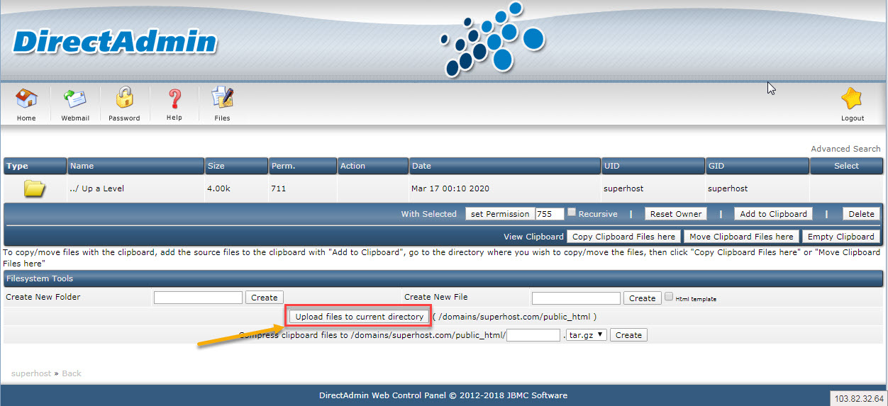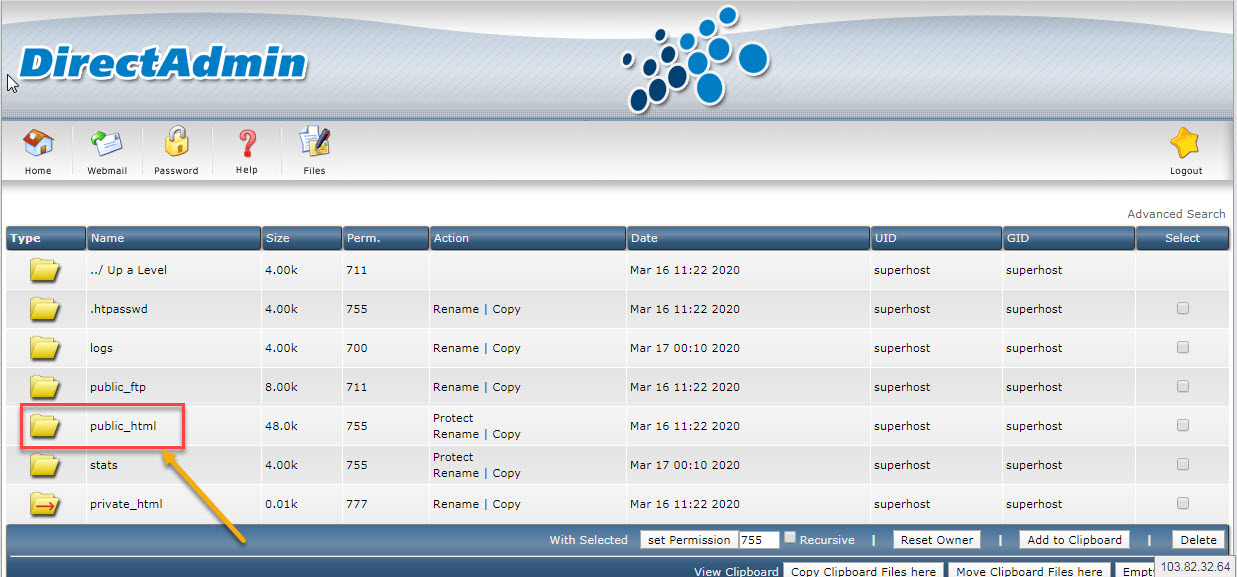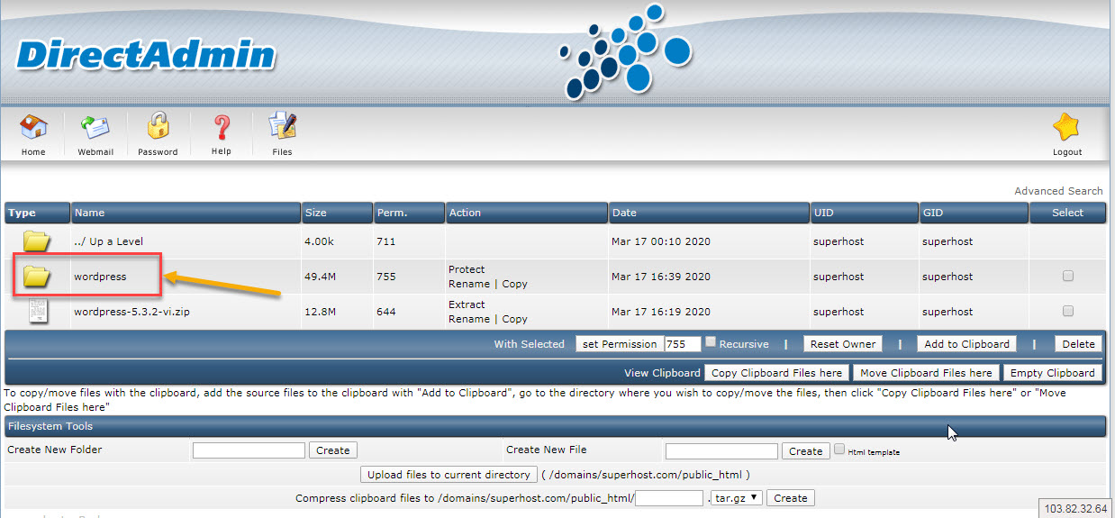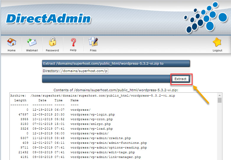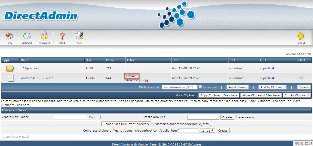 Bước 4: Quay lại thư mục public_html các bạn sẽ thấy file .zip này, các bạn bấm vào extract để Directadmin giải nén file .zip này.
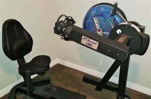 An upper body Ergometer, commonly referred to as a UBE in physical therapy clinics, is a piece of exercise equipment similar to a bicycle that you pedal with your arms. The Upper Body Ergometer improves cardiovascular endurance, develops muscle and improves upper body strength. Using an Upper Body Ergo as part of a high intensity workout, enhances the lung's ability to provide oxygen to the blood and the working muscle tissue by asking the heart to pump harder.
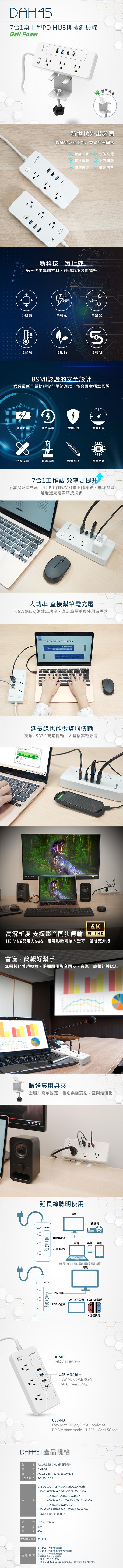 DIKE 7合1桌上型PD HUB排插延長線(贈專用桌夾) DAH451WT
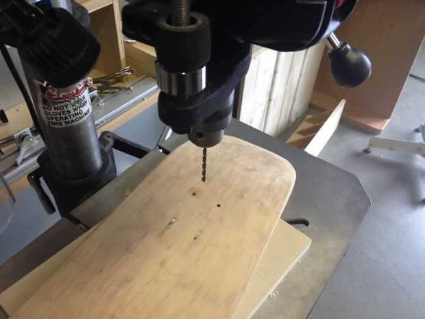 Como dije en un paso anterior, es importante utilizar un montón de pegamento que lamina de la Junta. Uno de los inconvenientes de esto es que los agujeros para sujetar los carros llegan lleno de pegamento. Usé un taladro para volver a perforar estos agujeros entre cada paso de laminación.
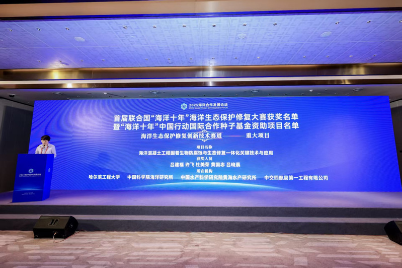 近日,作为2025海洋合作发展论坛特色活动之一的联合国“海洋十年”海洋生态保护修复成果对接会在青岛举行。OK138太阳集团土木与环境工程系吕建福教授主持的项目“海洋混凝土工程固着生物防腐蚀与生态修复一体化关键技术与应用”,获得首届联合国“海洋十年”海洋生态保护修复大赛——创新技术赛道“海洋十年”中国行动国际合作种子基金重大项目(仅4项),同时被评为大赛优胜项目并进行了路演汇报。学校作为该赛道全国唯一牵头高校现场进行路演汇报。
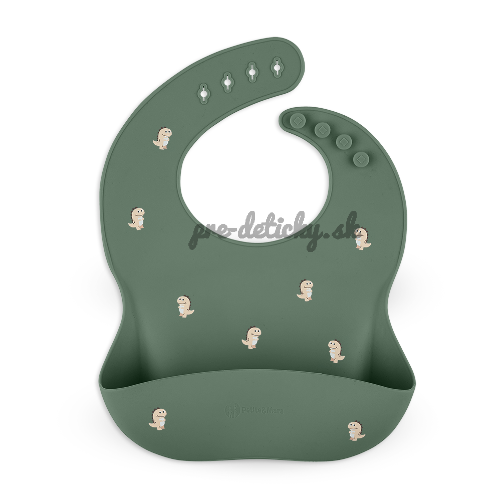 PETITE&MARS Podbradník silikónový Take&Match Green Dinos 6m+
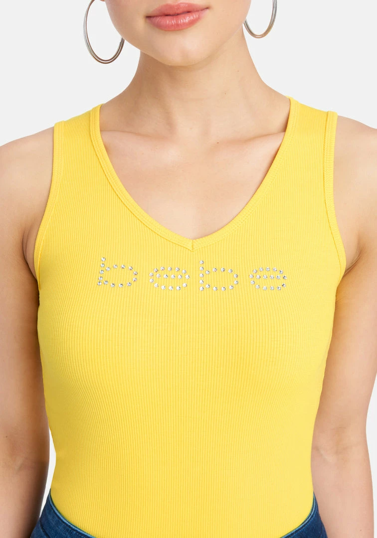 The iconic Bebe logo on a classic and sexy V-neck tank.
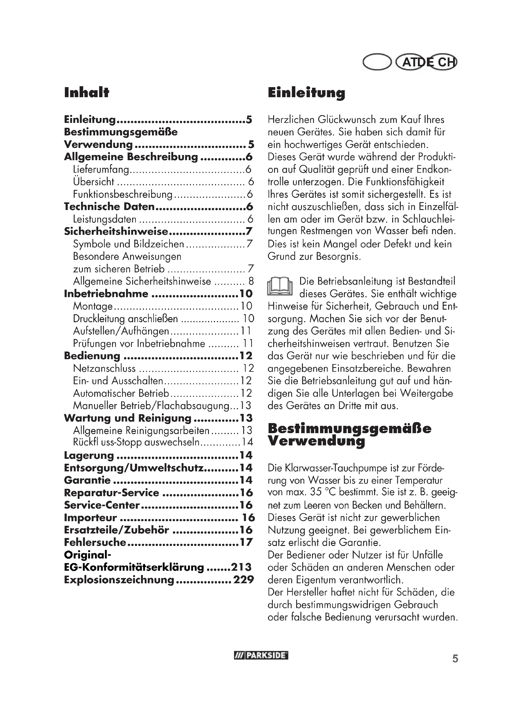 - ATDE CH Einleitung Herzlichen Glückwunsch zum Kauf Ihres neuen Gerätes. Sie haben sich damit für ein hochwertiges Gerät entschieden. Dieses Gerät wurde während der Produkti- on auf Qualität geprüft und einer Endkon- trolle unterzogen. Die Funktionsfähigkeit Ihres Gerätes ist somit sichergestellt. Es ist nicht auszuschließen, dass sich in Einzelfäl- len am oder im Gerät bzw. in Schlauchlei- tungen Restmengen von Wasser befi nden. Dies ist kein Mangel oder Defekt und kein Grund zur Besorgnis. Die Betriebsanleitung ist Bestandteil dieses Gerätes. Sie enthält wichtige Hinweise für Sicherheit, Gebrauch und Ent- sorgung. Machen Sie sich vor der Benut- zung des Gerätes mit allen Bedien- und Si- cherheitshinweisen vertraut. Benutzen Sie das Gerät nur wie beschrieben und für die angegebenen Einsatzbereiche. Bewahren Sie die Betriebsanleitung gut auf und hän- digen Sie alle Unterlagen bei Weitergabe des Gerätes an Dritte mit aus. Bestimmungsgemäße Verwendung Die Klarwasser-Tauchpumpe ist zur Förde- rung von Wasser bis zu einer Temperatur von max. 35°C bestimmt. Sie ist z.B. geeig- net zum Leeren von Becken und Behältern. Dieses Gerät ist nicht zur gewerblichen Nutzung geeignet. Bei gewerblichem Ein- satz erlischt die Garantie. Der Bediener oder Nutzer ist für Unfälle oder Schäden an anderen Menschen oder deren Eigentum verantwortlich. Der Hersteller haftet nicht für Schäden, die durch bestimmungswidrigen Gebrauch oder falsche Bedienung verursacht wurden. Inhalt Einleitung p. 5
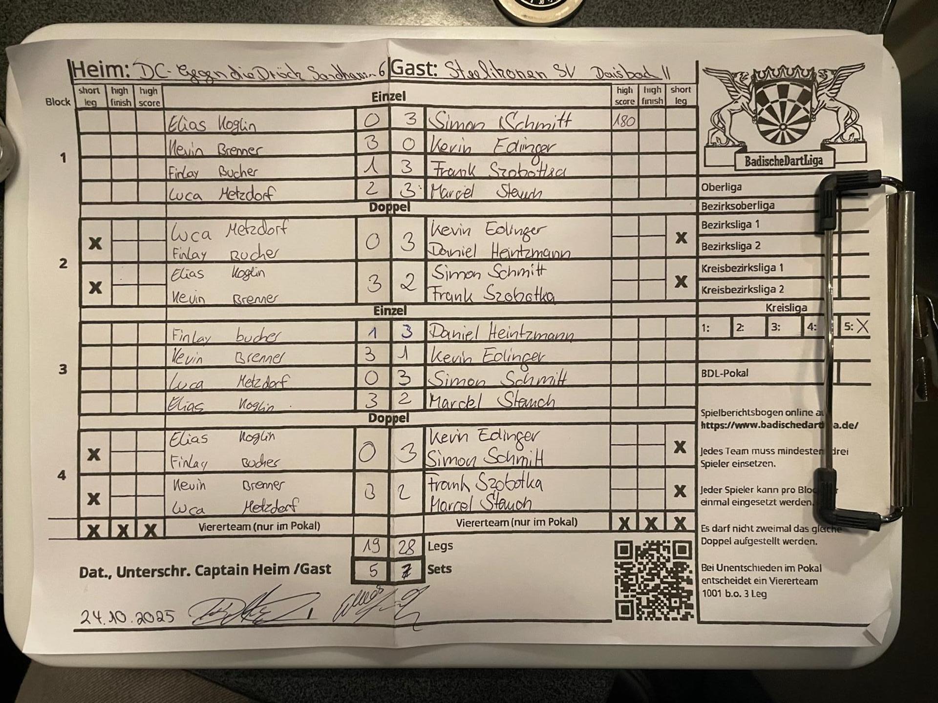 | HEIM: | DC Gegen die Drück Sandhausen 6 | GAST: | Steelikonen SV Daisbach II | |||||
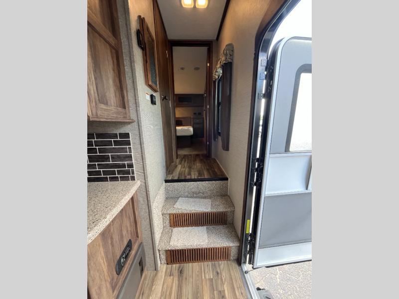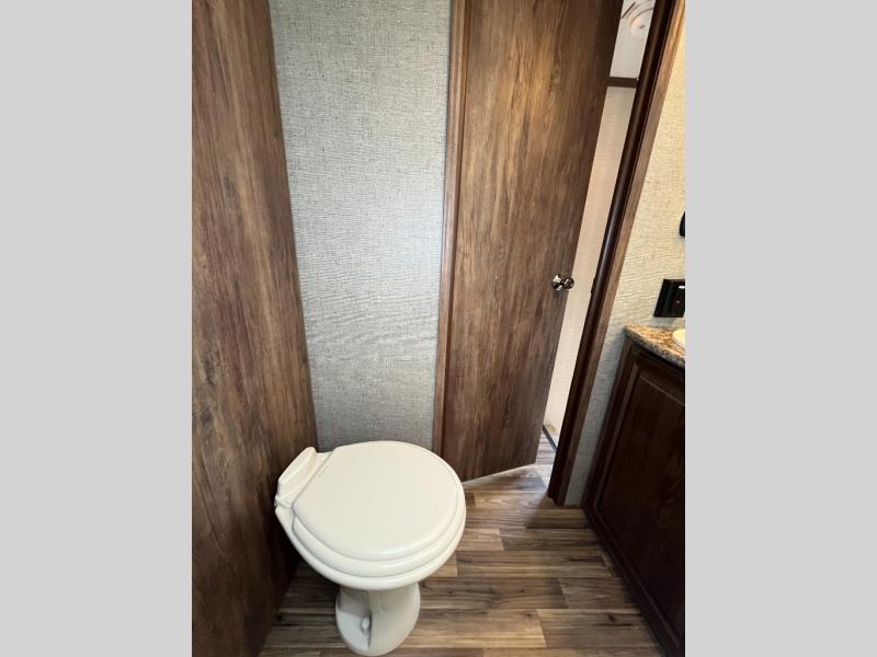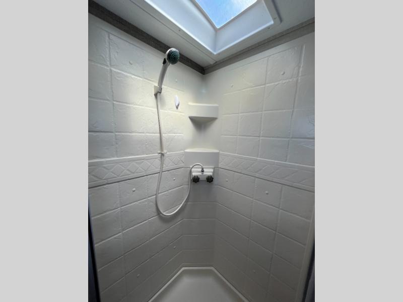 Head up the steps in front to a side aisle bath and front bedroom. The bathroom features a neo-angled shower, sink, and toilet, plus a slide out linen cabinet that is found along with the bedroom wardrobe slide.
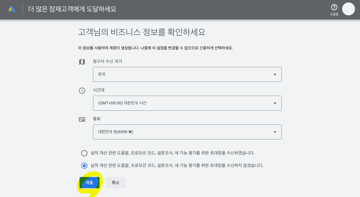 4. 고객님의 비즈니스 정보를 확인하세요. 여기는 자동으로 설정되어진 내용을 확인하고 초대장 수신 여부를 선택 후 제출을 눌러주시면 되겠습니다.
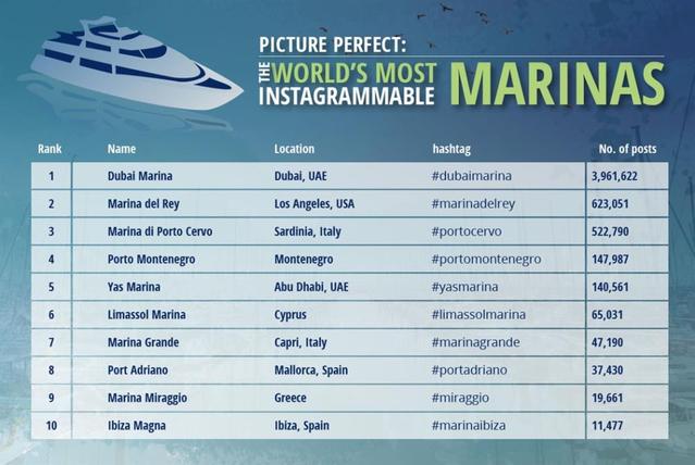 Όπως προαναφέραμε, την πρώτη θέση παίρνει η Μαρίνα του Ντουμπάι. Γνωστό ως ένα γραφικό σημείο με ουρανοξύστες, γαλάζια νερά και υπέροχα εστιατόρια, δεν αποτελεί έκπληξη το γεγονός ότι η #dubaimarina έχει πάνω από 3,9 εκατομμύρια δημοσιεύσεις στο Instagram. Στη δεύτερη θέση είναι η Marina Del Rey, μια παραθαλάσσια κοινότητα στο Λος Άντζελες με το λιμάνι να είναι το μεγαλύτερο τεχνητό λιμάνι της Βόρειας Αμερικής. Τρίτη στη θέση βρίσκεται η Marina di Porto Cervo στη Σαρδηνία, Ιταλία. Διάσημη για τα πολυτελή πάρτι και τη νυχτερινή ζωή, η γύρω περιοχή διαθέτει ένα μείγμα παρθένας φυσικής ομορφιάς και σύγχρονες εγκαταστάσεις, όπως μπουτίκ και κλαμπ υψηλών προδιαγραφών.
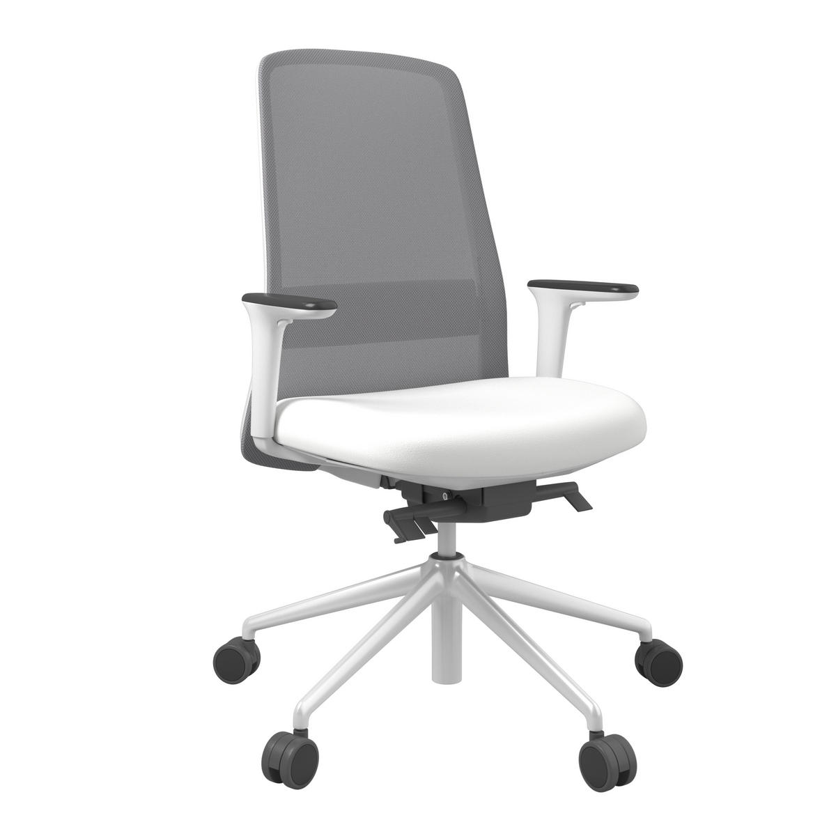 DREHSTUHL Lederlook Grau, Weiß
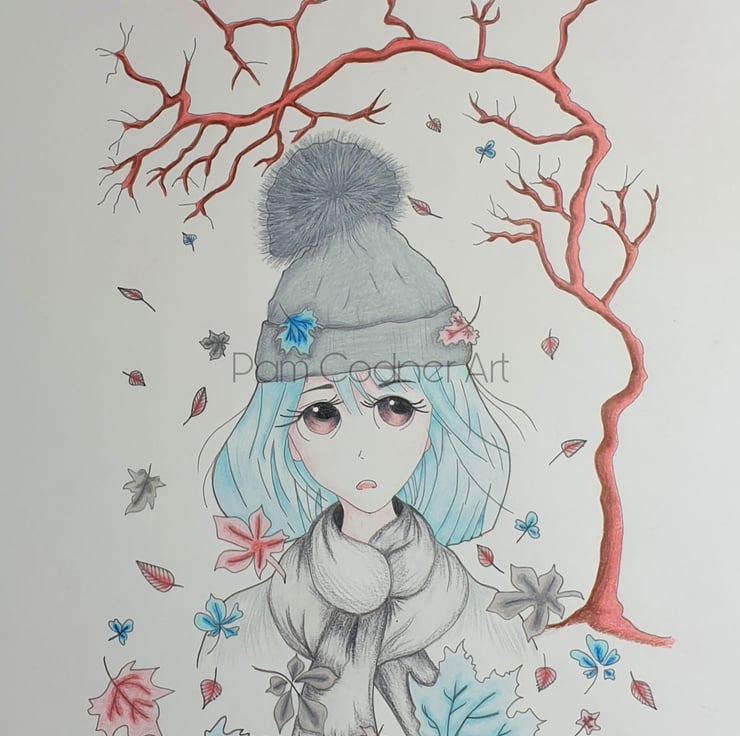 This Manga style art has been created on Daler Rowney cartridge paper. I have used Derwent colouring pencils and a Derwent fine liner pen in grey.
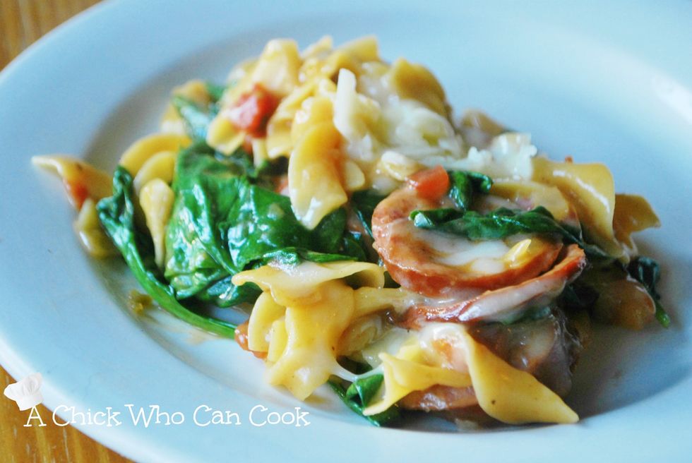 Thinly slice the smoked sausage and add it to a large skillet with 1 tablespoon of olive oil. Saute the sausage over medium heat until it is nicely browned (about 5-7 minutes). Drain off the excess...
════════════════════
Among the entries above, take the line with "DIKE 7合1桌上型PD HUB排插延長線(贈專用桌夾) DAH451WT", the line with "The iconic Bebe", and all the lines between them, and restate them word for word without pictures.

(Exercise solution)
 DIKE 7合1桌上型PD HUB排插延長線(贈專用桌夾) DAH451WT
 Como dije en un paso anterior, es importante utilizar un montón de pegamento que lamina de la Junta. Uno de los inconvenientes de esto es que los agujeros para sujetar los carros llegan lleno de pegamento. Usé un taladro para volver a perforar estos agujeros entre cada paso de laminación.
 近日,作为2025海洋合作发展论坛特色活动之一的联合国“海洋十年”海洋生态保护修复成果对接会在青岛举行。OK138太阳集团土木与环境工程系吕建福教授主持的项目“海洋混凝土工程固着生物防腐蚀与生态修复一体化关键技术与应用”,获得首届联合国“海洋十年”海洋生态保护修复大赛——创新技术赛道“海洋十年”中国行动国际合作种子基金重大项目(仅4项),同时被评为大赛优胜项目并进行了路演汇报。学校作为该赛道全国唯一牵头高校现场进行路演汇报。
 PETITE&MARS Podbradník silikónový Take&Match Green Dinos 6m+
 The iconic Bebe logo on a classic and sexy V-neck tank.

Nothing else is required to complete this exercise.